Imagine you wanted to ask someone to hand you an object. You might say, “Please hand me the blue pen on the table to your left.”
That’s how we, humans, communicate with each other: describing scenes and objects in natural language. However, teaching an AI system to execute on this command has been challenging historically. AI systems may recognize an object such as the blue pen and the table, but may not understand which table if there is more than one. The missing puzzle piece has been how to teach a system to connect, or ground, text to an object in a given image or scene — often within a very specific region of its visual field that includes many other objects – and how to do so accurately.
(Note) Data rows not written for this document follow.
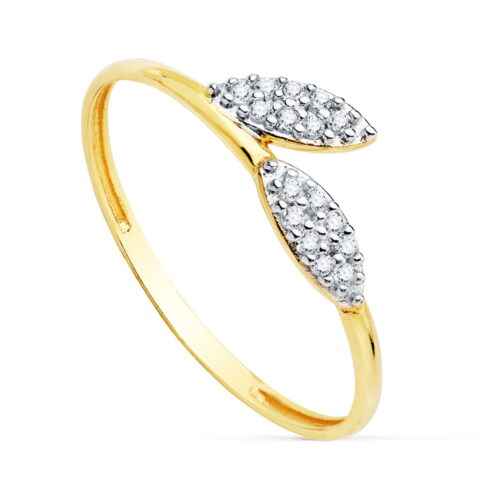 18K SORTIJA ORO BICOLOR FLOR CON CIRCONITAS 11 MM ANCHO CUERPO 2 MM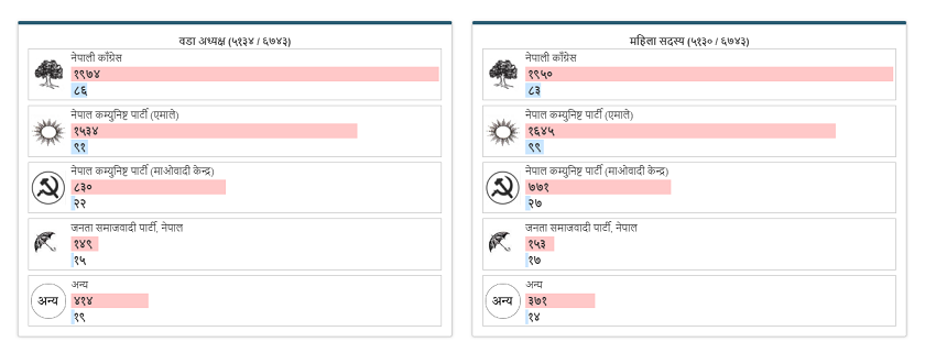 काठमाडौं । स्थानीय तहको निर्वाचन अन्तर्गत महानगर, उपमहानगर, नगर र गाउँपालिकामा निर्वाचित हुने ६ हजार ७ सय ४३ वडाध्यक्ष मध्ये धेरै जसो निर्वाचित भइसकेका छन् । निर्वाचन आयोगले राखेको तथ्यांक अनुसार हालसम्म ४ हजार ८ सय ६७ वडाध्यक्ष निर्वाचित भइसकेको छन् । जसमा सबैभन्दा धेरै नेपाली काँग्रेसका १ हजार ९ सय ६२ जना र एमालेका…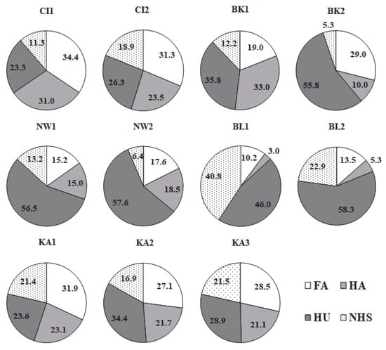 The share of individual HS fractions [%] in Corg. in the bottom sediments of the studied small retention reservoirs. NHS, non-humic substances.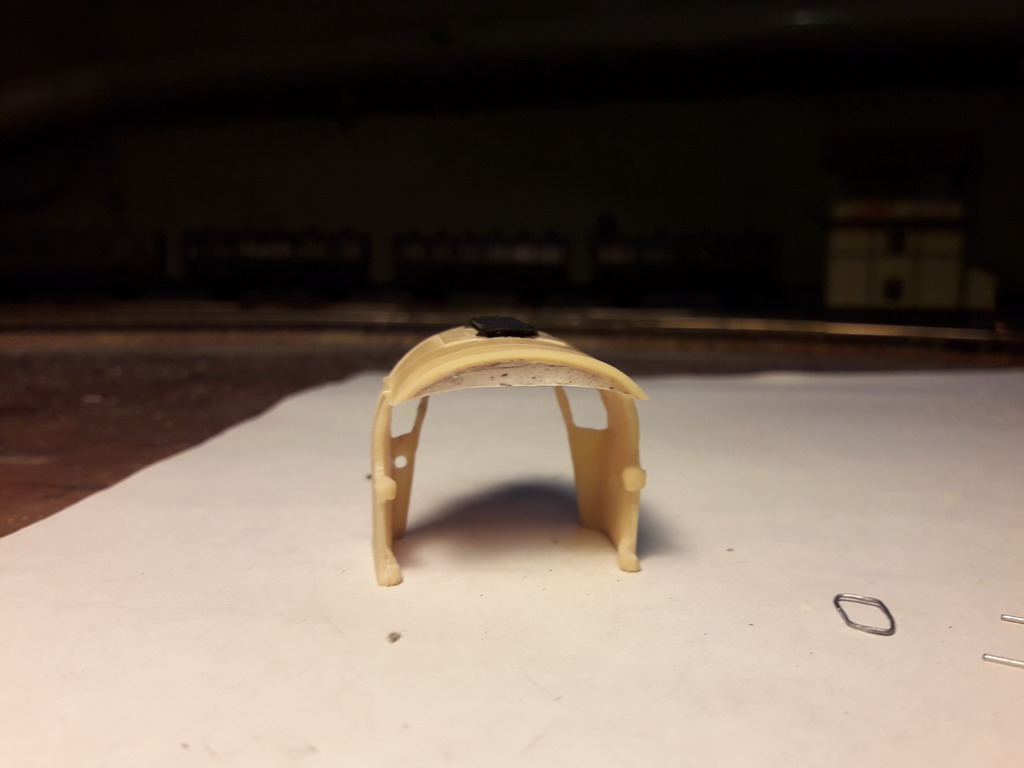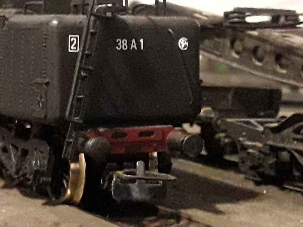 Il faut évidemment gratter les lettres et chiffres en relief Après: J'équipe le châssis de palpeurs pour la liaison électrique avec le tender J'arrase toutes les superstructures du tablier (pompe, compresseurs, turbo dynamo, graisseur Bourdon...) sauf le levier de commande de la coulisse. De même j'arrase et je bouche les fanaux avec du Sintofer, masticage et façonnage.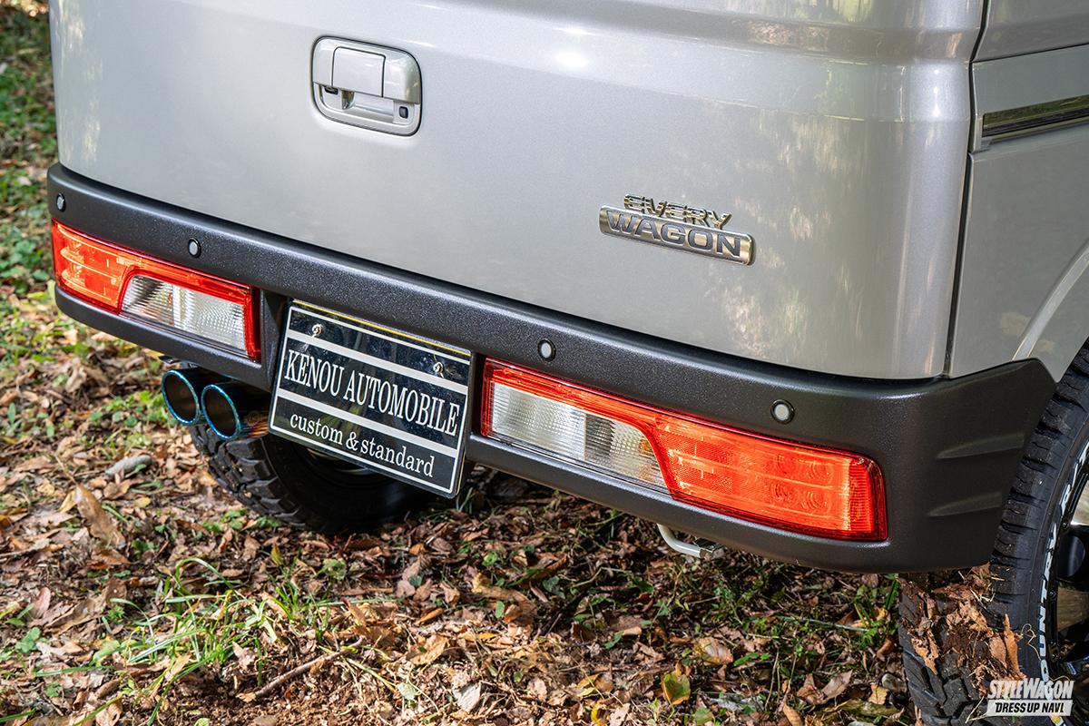 グレーのボディにバンパーのみブラック塗装で仕上げたこちらのエブリイは、フロントバンパー1型(フォグランプありバージョン)とガードバーを組み合わせ。1型バンパーはグリルのダクトが左右いっぱいに広がっているのが特長だ。そのため、左右に広くワイドな表情を作り出してくれる。なお、フォグランプは純正を利用。スキッドプレートのみとは異なり、パイプ状のガードバーにすることでひと味違ったオフロード感にしているのもグッド。なお、こちらの車両ではリアバンパーもオリジナルを装着。フロント同様大きくショート化されているため、リアタイヤもまるっと見えるようになる。

Equipped with various sensors, a machine can now easily capture details about its surroundings by recording images (or even videos) and voices. But to make sense out of these recordings for natural interaction with people, a machine needs to associate statements with images. Textual grounding solves the problem of associating text phrases (e.g., obtained from voices by a speech recognition engine) with image regions. In other words, for each named object (such as “the blue pen” and “the table to your left”) from the text phrases, we need to identify a region in the image where the named object is located (so that the system knows where to get them for you).
It’s easy to see that textual grounding has many potential applications. The above human interaction example is just a simple illustration.
Our algorithm achieved state-of-the-art results on two widely used datasets: 53.97 percent accuracy on the Flickr 30K Entities dataset (versus then state-of-the-art 50.89 percent), and 34.7 percent accuracy on the ReferItGame dataset (versus then state-of-the-art 26.93 percent). The figure below shows one example of the outputs of our algorithm.
Two women wearing hats covered in flowers are posing
What’s most exciting about this research is not so much the improvement of the resulting numbers (though it’s still an important metric), but the elegance of the proposed solution. The following figure shows an overview of our proposed solution.
Overall model structure of the proposed solution.
Different from many existing deep neural network based methods, where features are extracted through end-to-end training but the meaning is hard to interpret, we propose a hybrid approach by combining a set of explicitly extracted features (we call features “score maps”) and a structured support vector machine (SVM). The feature’s score maps are extensible so that we can easily incorporate any new features into our algorithm. In the NIPS paper, we choose a number of easy-to-obtain features such as word priors from the input queries, region geometric preferences, and other deep neural network derived “image concepts” such as semantic segmentations, object detections and pose-estimations.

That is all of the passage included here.